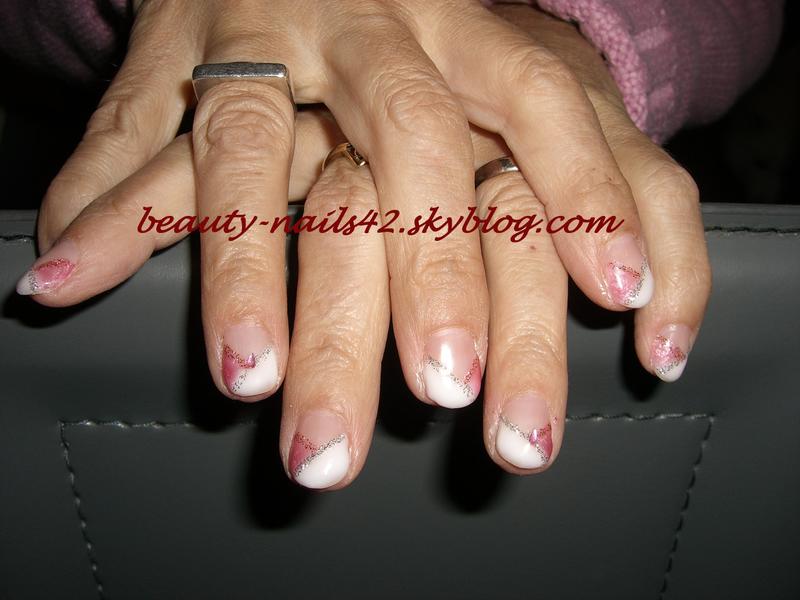 alors je commence par la pose sur ta maman. l idée deco est bien, mais la base est trop courte ca fait pas tres joli. je vois que tu as fais des traits avec des paillettes que tu as certainement melangées avec du gel. j'ai des gels deja pailletés et des paillettes a part aussi. mais les gels pailletés contiennent bcp de paillettes, ce qui permet de faire des traits tres fins. alors je te conseillerais d essayer de mettre beaucoup plus de paillettes mélangées au gel pour obtenir ce genre de consistance. car je trouve le trait un peu grossier du coup (ce qui est normal, vu que les paillettes s'étalent avec le trop de gel). et enfin attention au limage, lime tjs bien la forme de l ongle avant la pose, car si tu dois trop limer apres avoir fait une french, tu risques de l'abimer et il n y a rien de plus ralant!!!
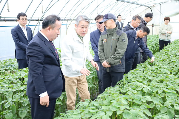 강호동 농협중앙회장은 지난 4일 일조량 부족으로 생육부진 피해를 입은 대구 동구 소재 깻잎 생산농가를 찾아 현장을 점검하고 범농협 차원의 지원책을 발표했다.
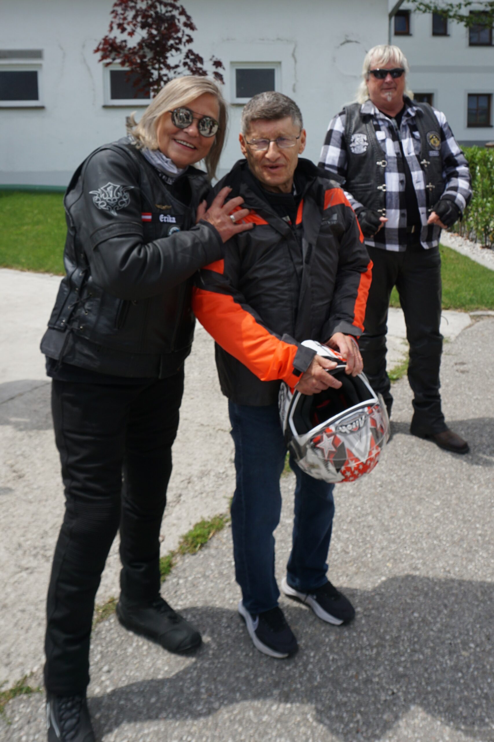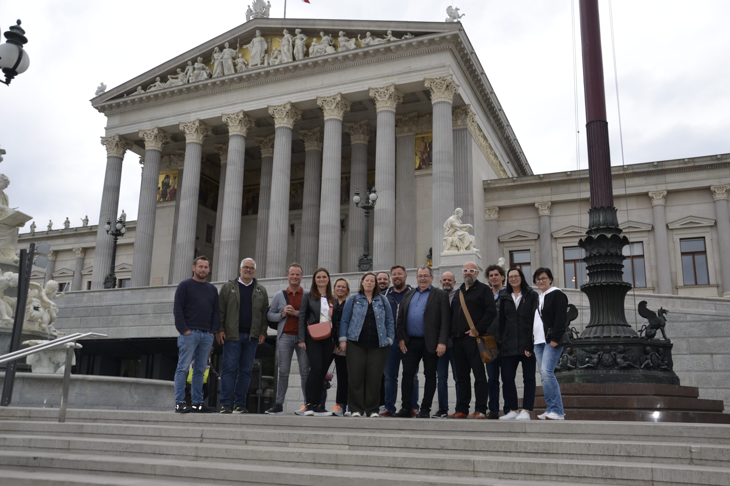 | alt: | Mehrere Erwachsene sitzen nebeneinander an einem Gebäude im Freien und unterhalten sich. |
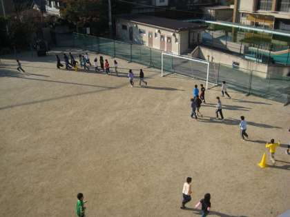 6年生は,毎朝運動場でランニングを続けています。5年生も,6年生の胸を借りて勝負を挑むつもりで自主的に走り始めました。
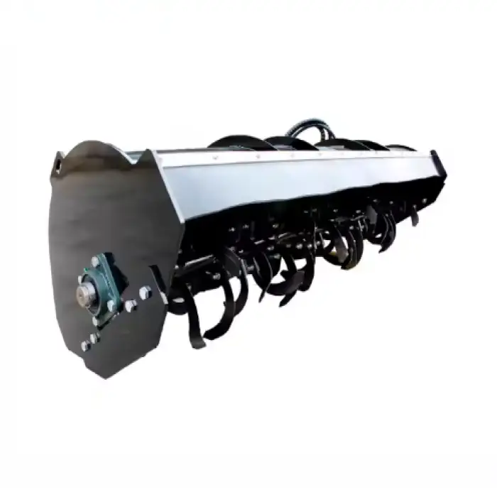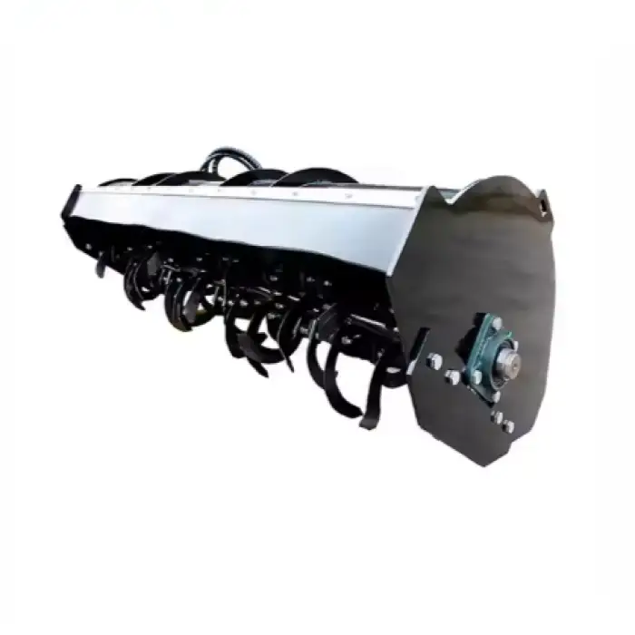 The XCMG X0511 Mini Skid Steer Tiller Cultivator is equipped with a powerful diesel engine, which provides effective tilling capabilities.
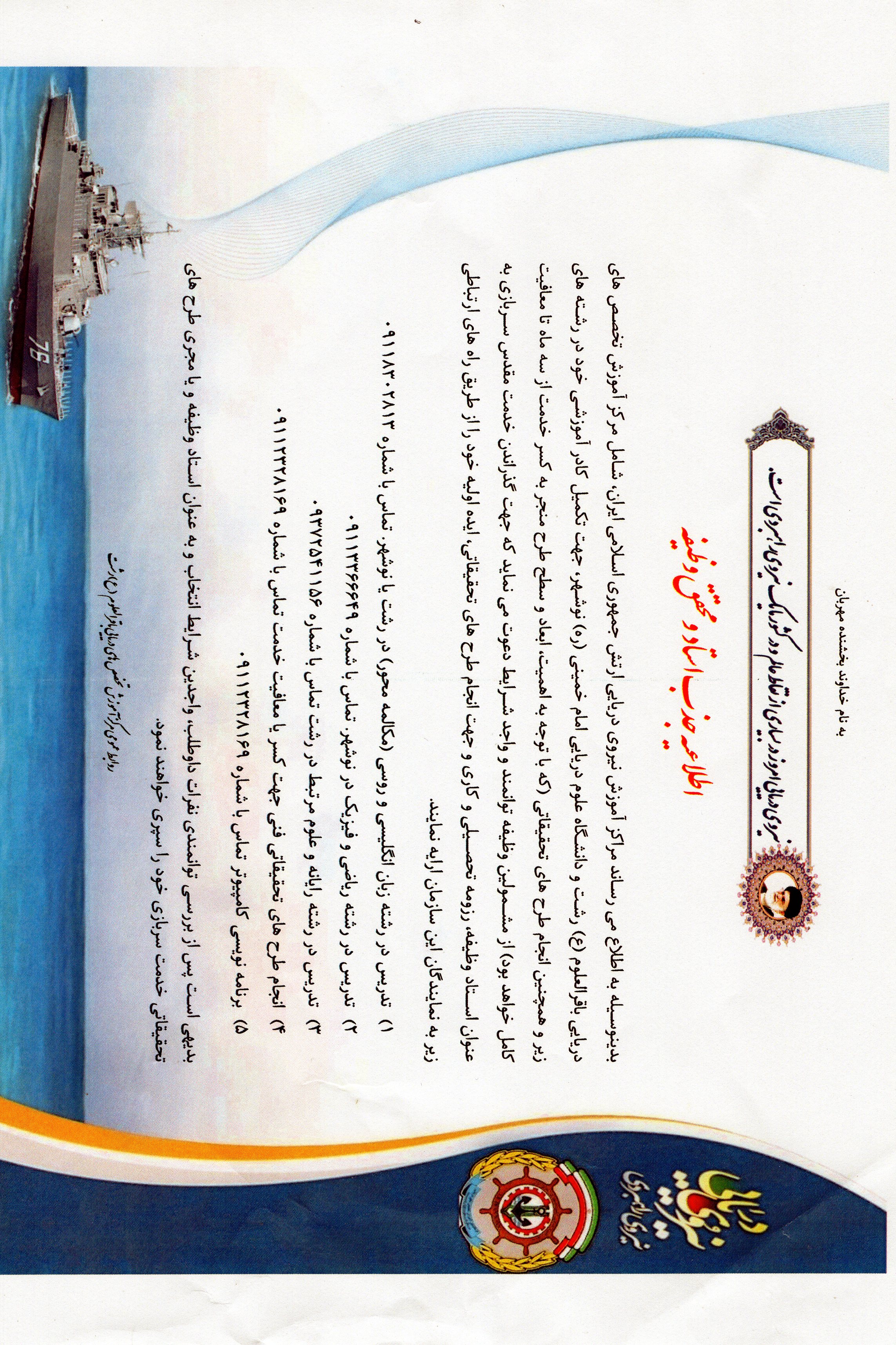 جذب استاد و محقق وظيفه در مراکز آموزش نیروی دریایی ارتش جمهوری اسلامی ایران
^^^^
- INSTRUCTIONS TO FOLLOW
Beginning with the line that contains "6年生は,毎朝運動場でランニ" and ending with the final line of the listing, return each line exactly. Omit all pictures.

- SOLUTION
 6年生は,毎朝運動場でランニングを続けています。5年生も,6年生の胸を借りて勝負を挑むつもりで自主的に走り始めました。
 The XCMG X0511 Mini Skid Steer Tiller Cultivator is equipped with a powerful diesel engine, which provides effective tilling capabilities.
 جذب استاد و محقق وظيفه در مراکز آموزش نیروی دریایی ارتش جمهوری اسلامی ایران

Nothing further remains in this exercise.